Then I was recruited by Qualcomm. At Qualcomm, I started working on application processors, again in the smartphone space. I managed the application processor technology called Snapdragon, which is in quite a few Android smartphones. I think your listeners might be quite familiar with that. Then I also ran the IoT division there. From there, I was about nine years at Qualcomm, and then I was five years in Micron. I was running the mobile division, which sold the NAND and DNA into mobile phones.
Now, that's about 30 years of building chips for various consumer electronic applications. What I realized over that time period was that we've built some tremendous processors, tremendous memories and displays, and NAND devices, that really changed the experience of the smartphones, which we all love dearly, and other consumer electronic devices. But what I was finding out towards a later part of that my journey was that the bigger limitation now for us to have the next generation experience of the smartphones was really the battery because the processors run really fast and they do great things and memories are very fast and so on. Displays are really good. The cameras are fantastic.
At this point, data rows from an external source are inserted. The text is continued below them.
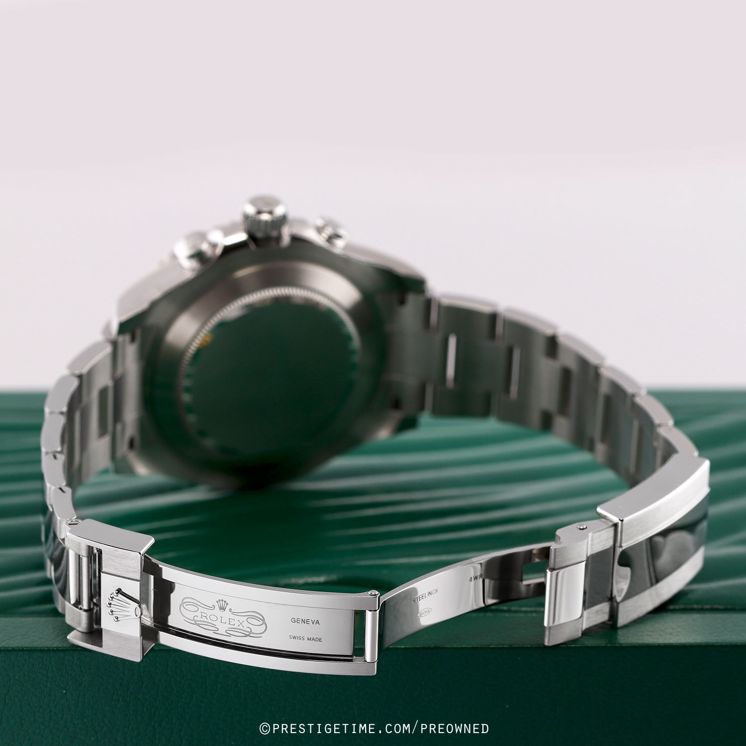 Condition: The watch is new & in unworn condition, however the factory protective stickers have been removed by the authorized dealer at the time of purchase. The watch is delivered with its original box, papers and both the white & green hologram hang-tags.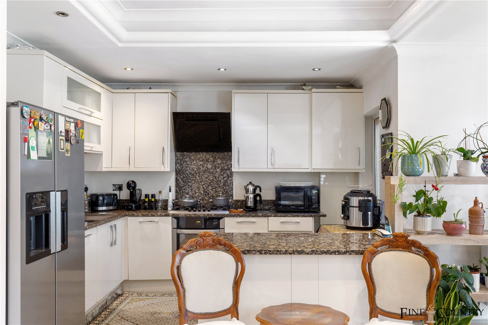 The kitchen is a masterpiece of design, equipped with modern appliances, custom cabinetry, and sleek granite countertops, centred around an expansive island that doubles as a casual dining and additional workspace. A utility room adjacent to the kitchen provides practical storage solutions and laundry facilities, with direct access to the garden for functional indoor-outdoor connectivity. The adjacent formal dining area, with large glass doors, opens directly to the garden, perfect for alfresco dining and seamless entertaining.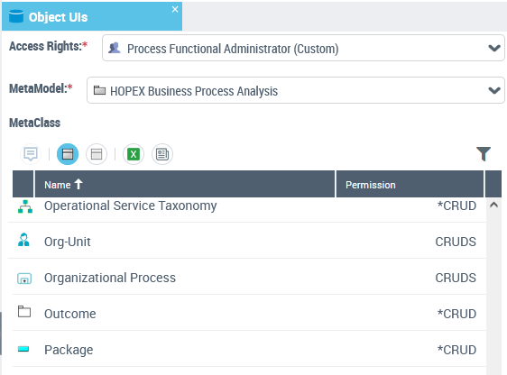 <HOPEX Default> defines default access permissions of each MetaClass, MetaAttribute, MetaAssociationEnd and tool.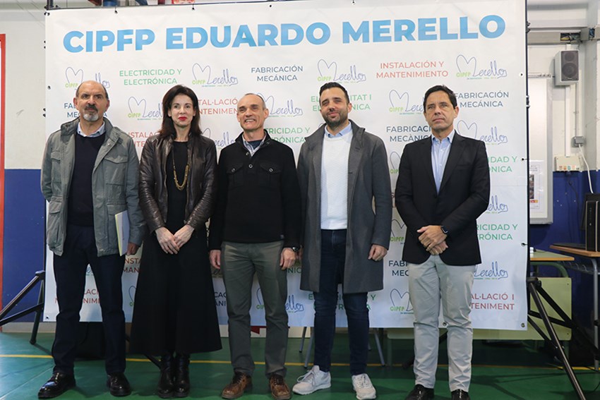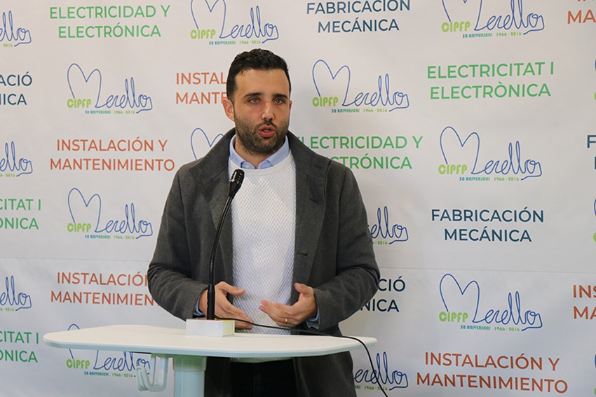 El alcalde también ha hecho referencia a la valoración que hacen las empresas del municipio sobre la formación profesional que se imparte en él, e indica que es «altísima» y ha argumentado: «De hecho cuando miramos las ratios de desempleo correspondientes, nuestros ciclos de FP, y particularmente los que se imparten aquí, en Merello, tienen unos índices más bajos».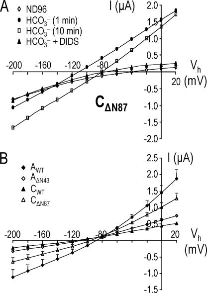 Figure 10. Current–voltage (I-V) relationships from oocytes expressing wild-type and amino-terminal truncations of NBCe1 variants. (A) Representative experiment on an oocyte expressing CΔN87 in which I-V plots were obtained with the oocyte initially bathed in ND96 (diamonds), followed by 1 min in 5% CO2/33 mM HCO3− (circles) and then 10 min in the physiological buffer (squares), and finally in the HCO3− solution containing 200 μM DIDS (triangles). (B) HCO3−-dependent I-V plots for NBCe1-A (closed diamonds), AΔN43 (open diamonds), NBCe1-C (closed triangles), and CΔN87 (open triangles). Data were obtained from experiments similar to that shown in A. n = 3 for each data point from a single batch of oocytes. SEM bars smaller than symbol sizes are not shown. Similar results were obtained from a second batch of oocytes.

But to really get the full performance out of those devices, the battery has become the limiting factor. So, I felt like this stage of my career, I should work on improving the battery technology so that all these chips that we built so far and continue to build will deliver the user experience that we all want. With the AI and Generative AI and machine learning applications coming to the phones now, the need for the battery life and the need for high-performance batteries is just only growing more and more.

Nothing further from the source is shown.